Outros estudos podem aprofundar essa análise ao verificar se diferentes páginas, com diferentes posicionamentos, levam os comentadores a se justificar mais ou menos. A radicalização dos discursos também é um elemento interessante para pesquisa, já que há a possibilidade de que uma parte dessas justificações sejam apresentadas de forma agressiva.
Referências:
ABRAMOVAY, Miriam et al. Juventude, violência e vulnerabilidade social na América Latina: desafios para políticas públicas. Brasília: UNESCO, BID, 2002.
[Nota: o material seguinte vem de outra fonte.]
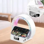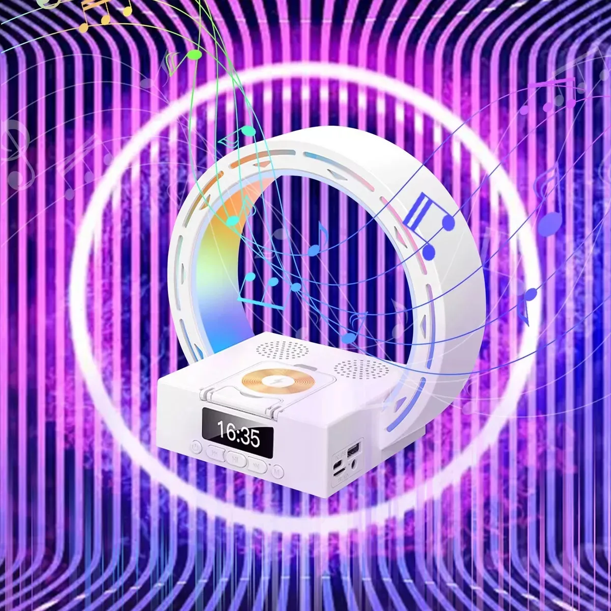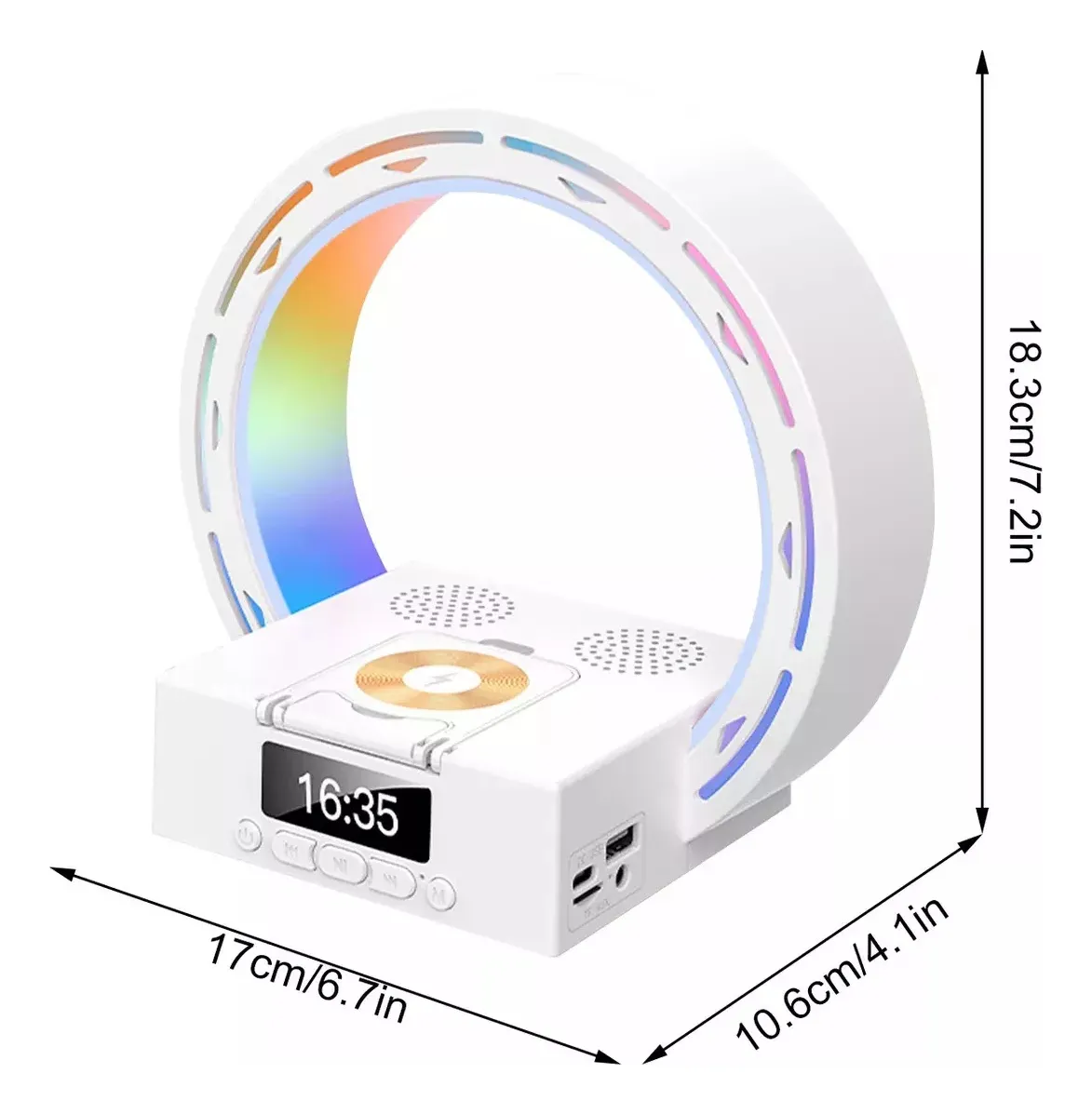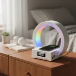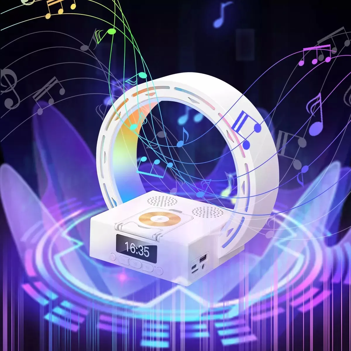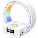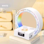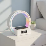Combiná varias funciones en un solo dispositivo con esta lámpara LED que no solo ilumina tu espacio, sino que además reproduce música por Bluetooth, muestra la hora con alarma despertador y carga tu celular de forma inalámbrica. Ideal para escritorio, dormitorio, sala o ambiente moderno.

CARVALHO, Fernanda Cavassana de; MASSUCHIN, Michele Goulart; MITOZO, Isabele Batista. Radicalização nas redes sociais: comentários no Facebook durante a disputa presidencial em 2014 no Brasil. Análise Social, v. 53, p. 898-926, 2018.
MANSBRIDGE, Jane. Everyday talk in the deliberative system. In: MACEDO, Stephen. Deliberative politics: essays on democracy and disagreement. New York: Oxford University Press, p. 211-239, 1999.
RIZZOTTO, Carla; BELIN, Luciane. DEBATE ALÉM DA FRONTEIRA: características deliberativas da conversação de brasileiros sobre a [não] descriminalização do aborto na Argentina. In: CONGRESSO DA ASSOCIAÇÃO BRASILEIRA DE PESQUISADORES EM COMUNICAÇÃO POLÍTICA, 8, 2019. Anais do VIII Congresso da Associação Brasileira de Pesquisadores em Comunicação Política . Brasília: Compolítica, 2019.
SCHÄFER, Mike. Digital Public Sphere. In: MAZZOLENI, G. (Ed.). The International Encyclopedia of Political Communication. John Wiley & Sons, 2015.
SINDERSKI, Rafaela Mazurechen. Conversação política online sobre a redução da maioridade penal: uma análise comparativa das fanpages Quebrando o Tabu, Movimento Brasil Livre e Senado Federal entre 2015 e 2018. Curitiba. Dissertação (Mestrado em Comunicação). Universidade Federal do Paraná, 2020.